- _What to produce_: From the entries below, write out exactly the lines between the line holding "Superstar Glittergel Bont" and the line holding "Full-length protein sequences", inclusive, excluding any pictures.

==== Extracted material

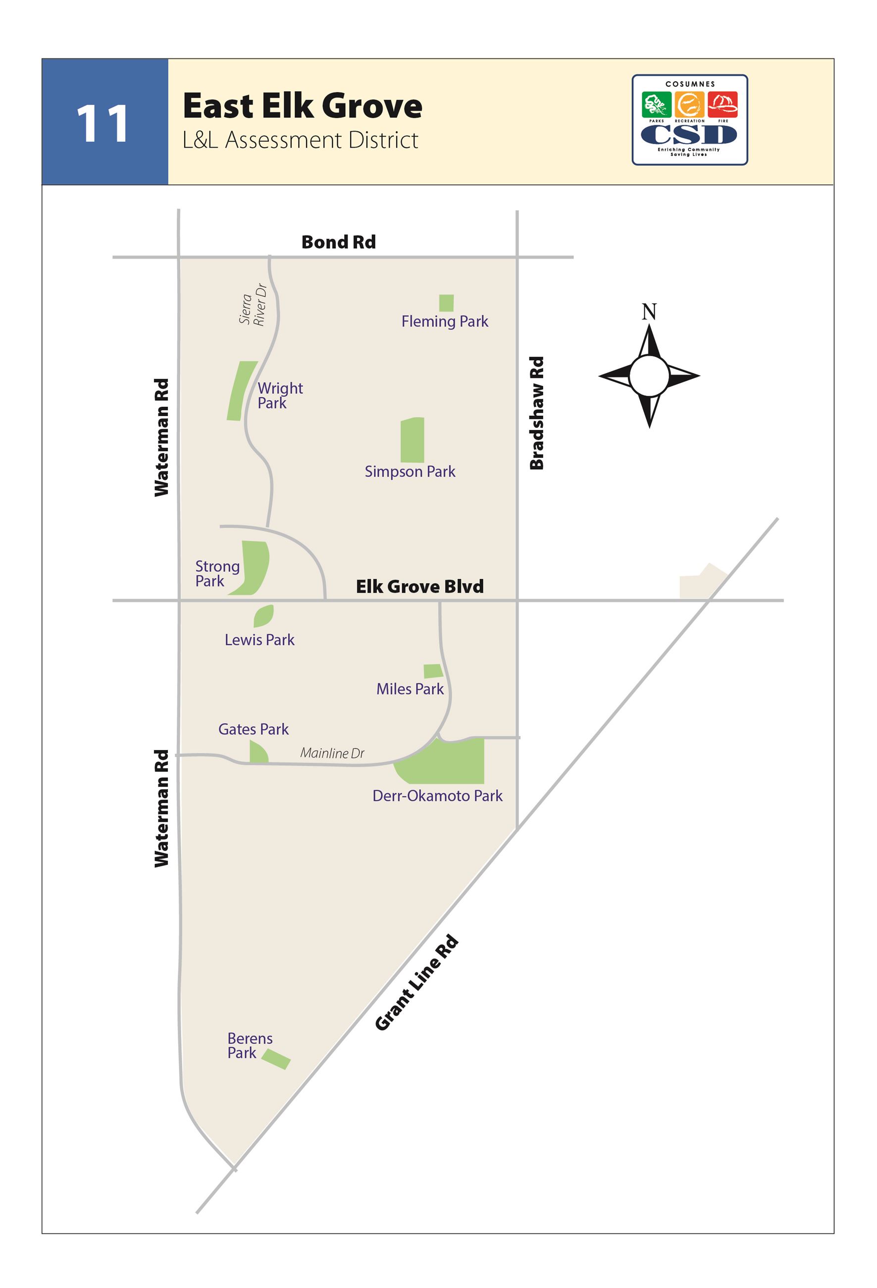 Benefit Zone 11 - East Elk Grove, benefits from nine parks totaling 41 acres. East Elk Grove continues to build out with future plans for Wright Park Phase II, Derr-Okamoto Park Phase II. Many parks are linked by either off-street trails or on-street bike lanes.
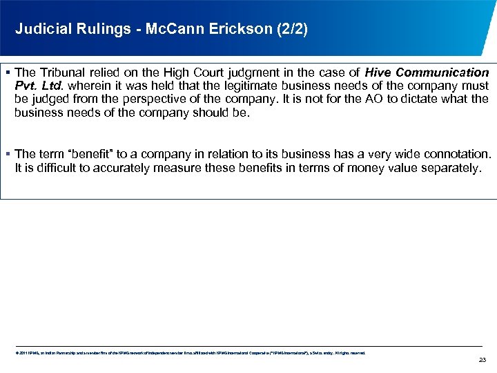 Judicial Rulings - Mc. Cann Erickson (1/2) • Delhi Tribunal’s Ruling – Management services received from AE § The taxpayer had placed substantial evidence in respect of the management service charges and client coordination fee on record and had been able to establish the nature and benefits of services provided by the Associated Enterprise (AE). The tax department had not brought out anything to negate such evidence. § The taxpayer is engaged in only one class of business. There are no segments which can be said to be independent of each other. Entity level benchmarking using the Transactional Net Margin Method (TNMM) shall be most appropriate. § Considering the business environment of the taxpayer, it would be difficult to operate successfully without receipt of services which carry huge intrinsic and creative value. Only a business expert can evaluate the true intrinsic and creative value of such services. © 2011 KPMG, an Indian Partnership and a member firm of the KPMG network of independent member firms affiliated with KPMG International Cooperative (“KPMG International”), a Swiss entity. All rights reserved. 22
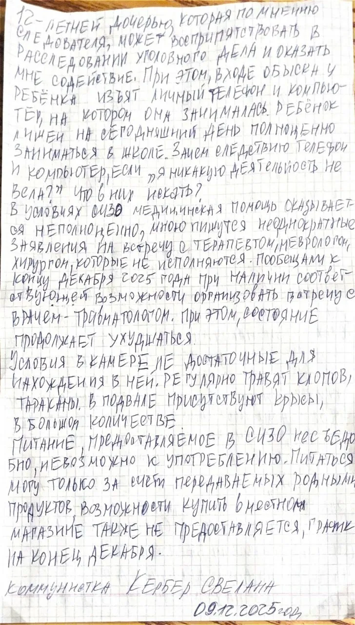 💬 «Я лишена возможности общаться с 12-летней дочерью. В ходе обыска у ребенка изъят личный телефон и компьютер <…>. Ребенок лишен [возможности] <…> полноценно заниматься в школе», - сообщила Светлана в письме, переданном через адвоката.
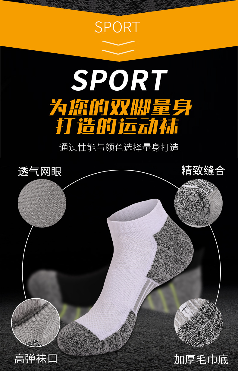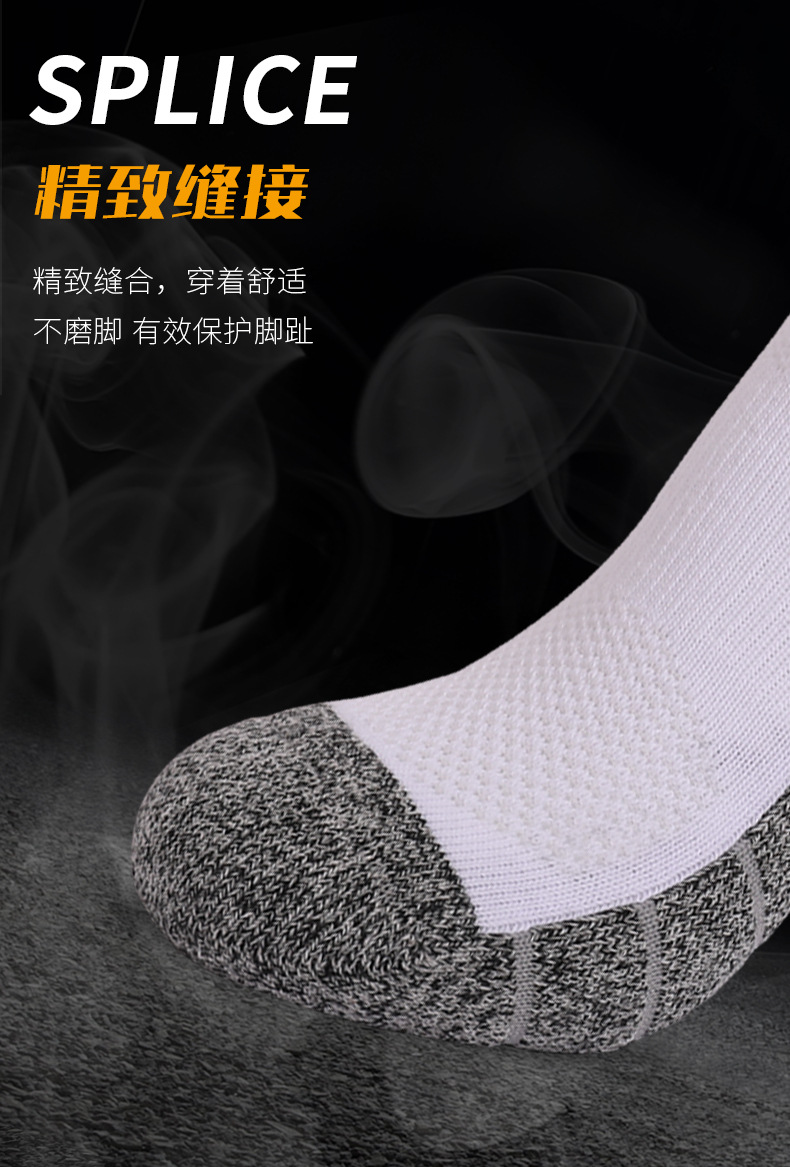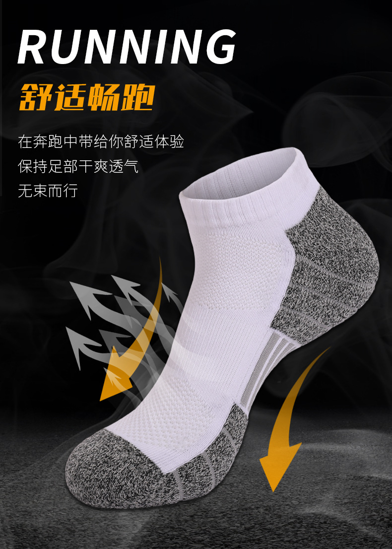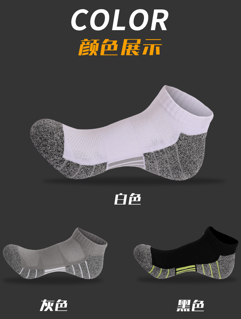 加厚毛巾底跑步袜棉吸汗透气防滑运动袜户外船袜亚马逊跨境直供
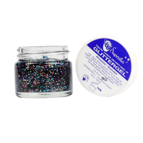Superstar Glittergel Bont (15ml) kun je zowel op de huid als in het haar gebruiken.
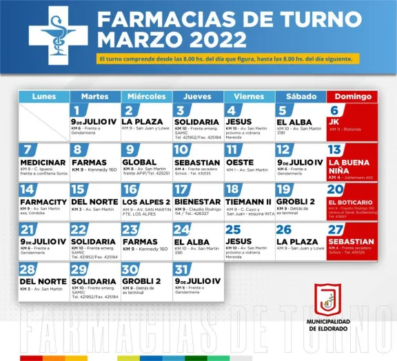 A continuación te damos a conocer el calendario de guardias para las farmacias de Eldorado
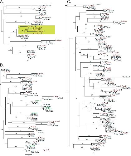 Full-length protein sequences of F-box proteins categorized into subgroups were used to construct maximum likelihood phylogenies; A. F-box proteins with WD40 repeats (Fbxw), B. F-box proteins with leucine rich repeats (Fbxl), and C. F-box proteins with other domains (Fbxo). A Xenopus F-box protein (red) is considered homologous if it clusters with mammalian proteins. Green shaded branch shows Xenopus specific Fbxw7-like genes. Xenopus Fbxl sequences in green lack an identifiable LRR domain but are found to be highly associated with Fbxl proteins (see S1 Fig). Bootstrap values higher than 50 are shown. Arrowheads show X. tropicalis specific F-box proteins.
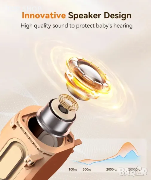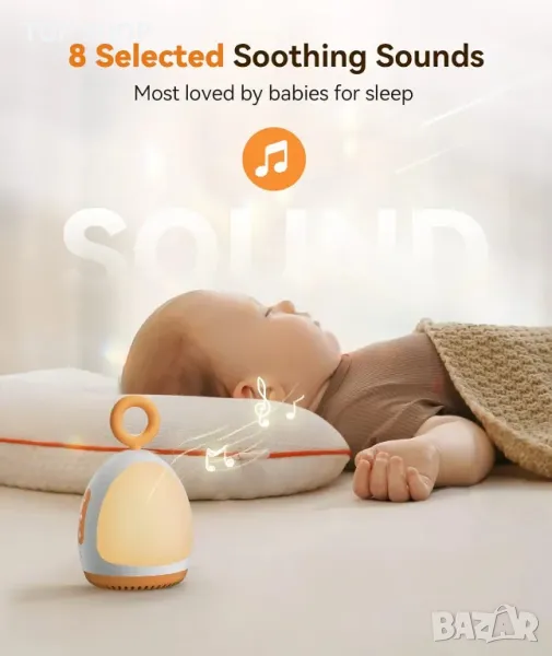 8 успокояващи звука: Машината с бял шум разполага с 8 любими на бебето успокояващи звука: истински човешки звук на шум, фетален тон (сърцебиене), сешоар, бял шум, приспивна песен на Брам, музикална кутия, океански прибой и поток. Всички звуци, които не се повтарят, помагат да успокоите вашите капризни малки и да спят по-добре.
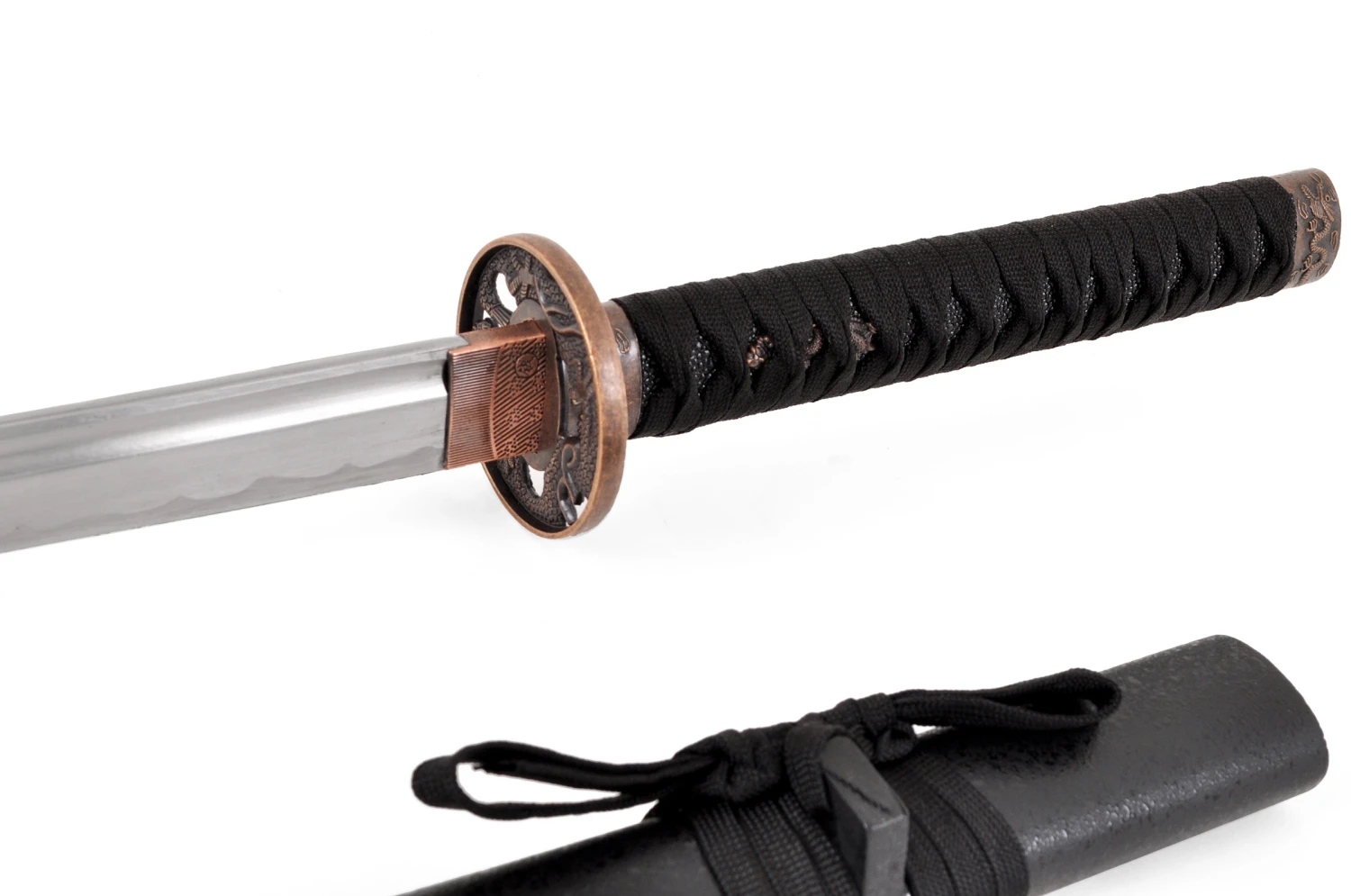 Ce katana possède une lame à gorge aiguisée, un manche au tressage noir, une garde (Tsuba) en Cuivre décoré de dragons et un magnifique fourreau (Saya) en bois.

========

- _Answer area_:
Superstar Glittergel Bont (15ml) kun je zowel op de huid als in het haar gebruiken.
 A continuación te damos a conocer el calendario de guardias para las farmacias de Eldorado
 Full-length protein sequences of F-box proteins categorized into subgroups were used to construct maximum likelihood phylogenies; A. F-box proteins with WD40 repeats (Fbxw), B. F-box proteins with leucine rich repeats (Fbxl), and C. F-box proteins with other domains (Fbxo). A Xenopus F-box protein (red) is considered homologous if it clusters with mammalian proteins. Green shaded branch shows Xenopus specific Fbxw7-like genes. Xenopus Fbxl sequences in green lack an identifiable LRR domain but are found to be highly associated with Fbxl proteins (see S1 Fig). Bootstrap values higher than 50 are shown. Arrowheads show X. tropicalis specific F-box proteins.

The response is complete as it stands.